Esta trama de confidências configura uma situação analítica interessante na


qual o pivô do duelo dos afetos entre o casal torna-se o confidente comum. Nele
as esperanças e expectativas são colocadas: De um lado, espera-se dele a
intervenção do cuidado pastoral na questão. Do outro, ele expõe aquela relação
conjugal, denuncia suas questões libidinais. Dos sermões que motivam a
manifestação da mulher, o homem passa a carregar certa reflexão sobre sua
responsabilidade na relação e do gozo de sua mulher – uma “desejante”. Este
convívio com o desejo dela torna-se um incômodo para o marido e ambos lançam
e descarregam as palavras neste interlocutor comum, o pastor.

Analiticamente falando, o que representaria cuidado e esperança, tornou-se


ameaça: o pastor, figura interposta no vínculo conjugal, expôs as debilidades da
libido como o espelho revelador da madrasta de Branca de Neve dizendo que ela
não era a mais bela. A mensagem Bíblica absorvida no interior do sujeito-marido
como a evidência do problema, transformou o cuidado pastoral numa ameaça que
expõe a insatisfação instalada e realça o ferimento narcísico.

A admissão do todo para o sujeito, devido a toda a jocosidade do contexto


cultural referente ao tema, é insuportável e, portanto, foi deslocada para outro
objeto ameaçador, aquele pastor denunciante.
11

Neste pastor não estão somente notados a existência do fato, mas a causa
da exposição da demanda libidinal faltosa naquela relação conjugal. O pastor
agora é visto, no inconsciente do sujeito, como inimigo da relação que o narcisista
não quer perder. Uma vez que envenenar a maçã já caiu da moda, resta outra
estratégia, envenenar a reunião contra o pastor.

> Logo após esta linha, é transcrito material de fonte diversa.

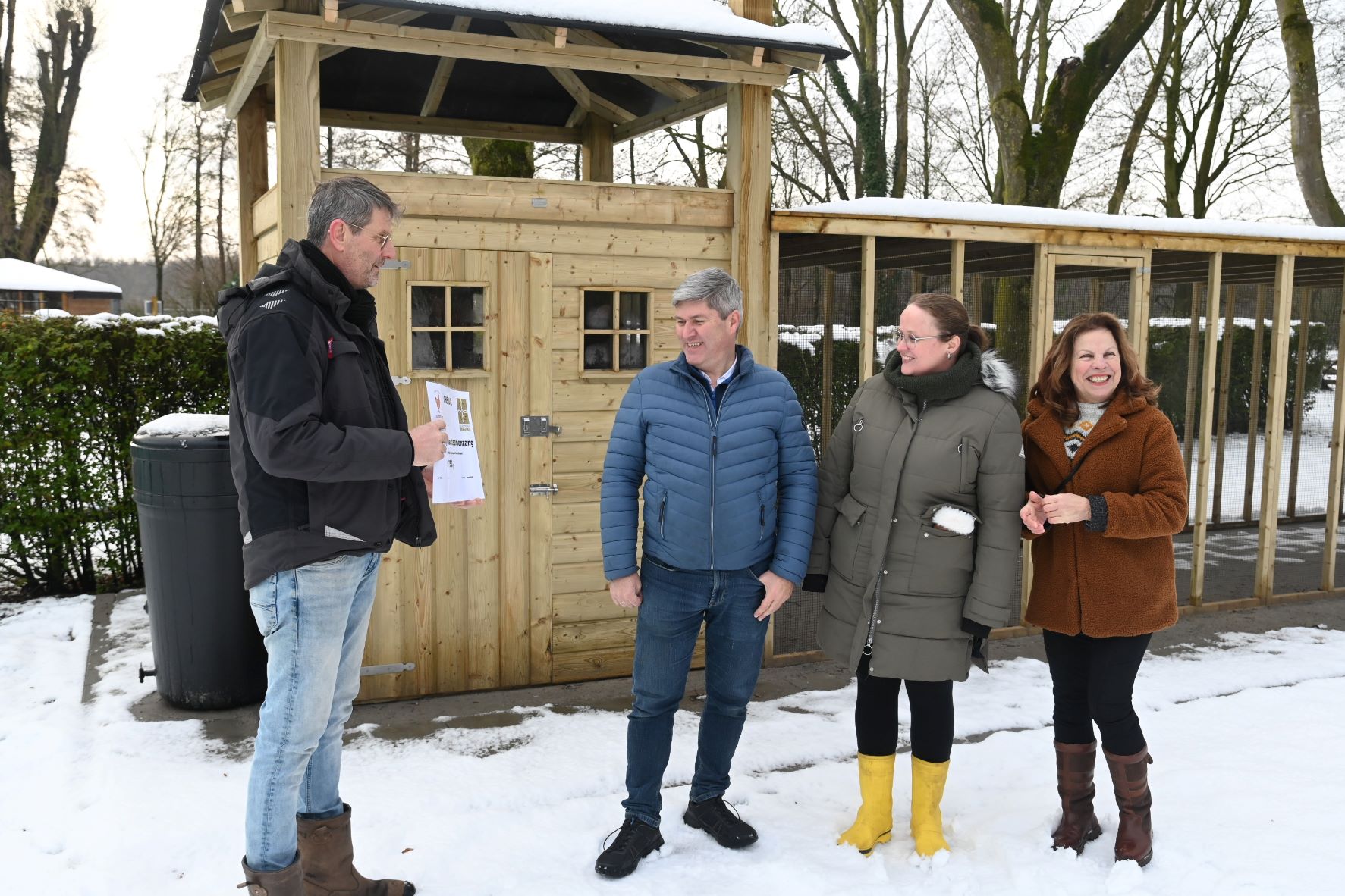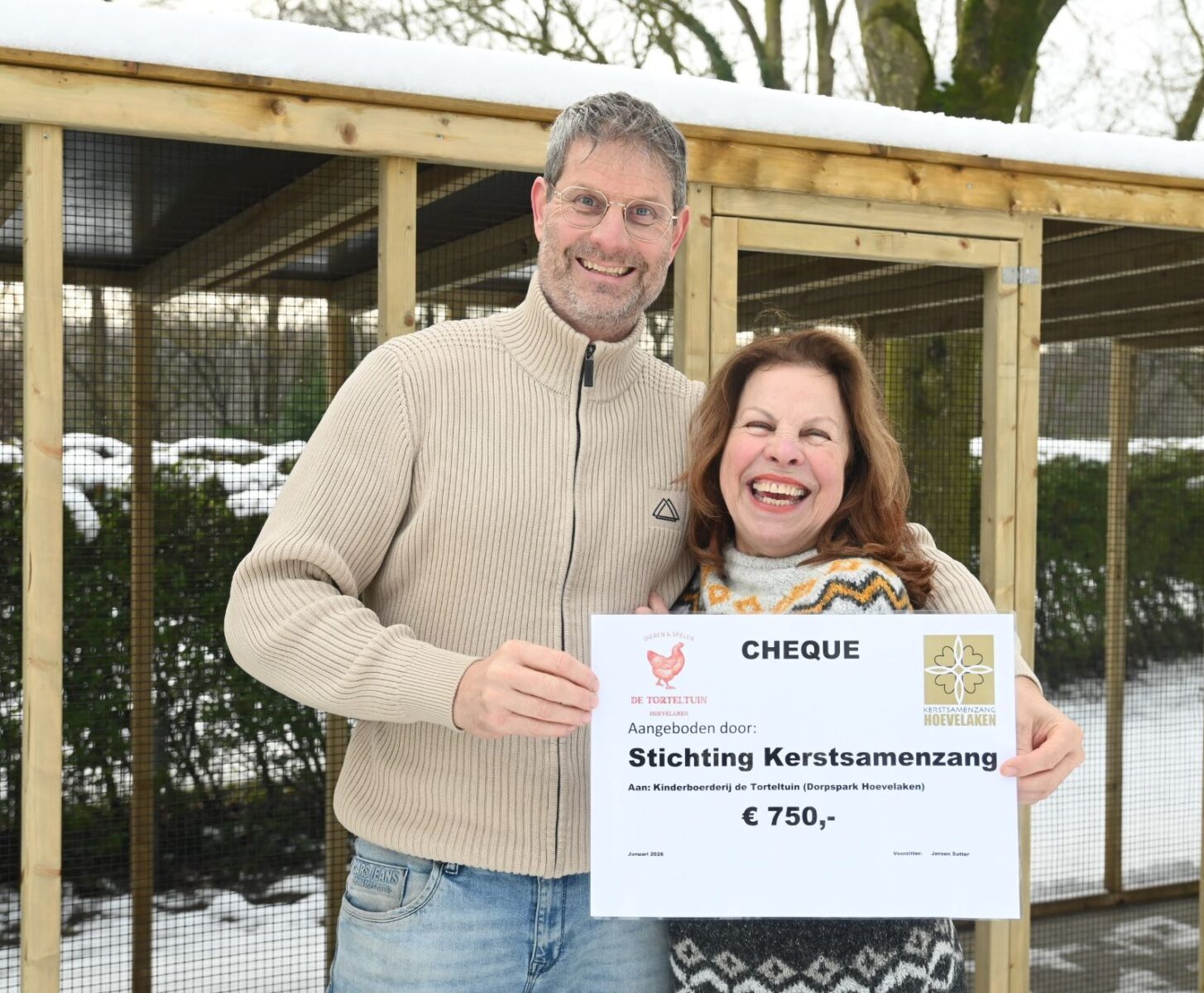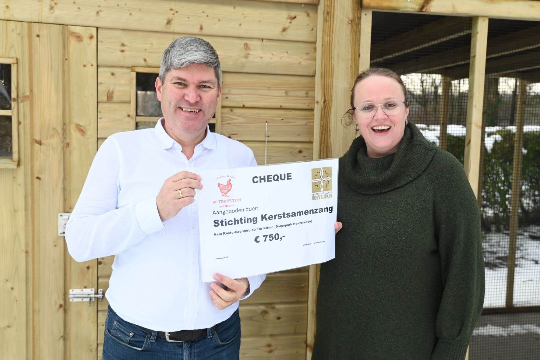 Donderdag 8 januari is een cheque overhandigd aan de stichting Kinderboerderij De Torteltuin ter waarde van 750 euro. Dat geld is enkele weken geleden opgehaald tijdens de collecte van de kerstsamenzang in Hoevelaken. Namens de kinderboerderij waren Herman Vreekamp en Esther Stoltenkamp aanwezig. De organisatie van de stichting Kerstsamenzang werd vertegenwoordigd door Willie van Kooij en Jeroen Satter. De kinderboerderij is nog lang niet gereed, maar inmiddels zijn wel steeds meer de contouren zichtbaar van het complex naast sporthal De Slag. De kinderboerderij maakt deel uit van een project met een beachvolleybalveld, een pumptrackbaan en een beweegeiland. Inmiddels zijn op het perceel van de kinderboerderij diverse gebouwen geplaatst alsmede piketpalen voor een nog aan te leggen zandbak en wandelpad. De beelden van twee koeien die zijn ontvangen van het Glazen Thuis worden geplaatst bij een hooitas en ergens bij de ingang. Eén van die koeien kun je straks ook echt melken. Er is inmiddels ook een beheerder aangesteld die elke dag het terrein zal openen en sluiten. Foto Kees van den Heuvel

Nesta reunião de diretoria, o que determinou a reação hostil para com o


pastor foi, portanto, esta disposição do inconsciente de acabar com um inimigo. O
sucesso do pastor e de seus projetos o autoriza no imaginário do sujeito como um
primaz-pai admirável. Ele representa vida, transformação e realização para o gozo
da comunidade e, assim, razão da inveja e rixa do cônjuge infeliz. Esta grandeza,
dita como fálica, precisa ser desafiada e oprimida em função da inveja e da
tristeza a despeito do respeito, reverência e amizade, por isto deverá opostamente
aparecer na forma de oferecer ajuda-opisição (ser contra o projeto é para o bem
da congregação que o pastor ama), mas cujo alvo final é não restarem mais
sermões afetuosos pelos quais se requeira o gozo da mulher e a responsabilidade
por uma impotência imaginária resistida no sujeito.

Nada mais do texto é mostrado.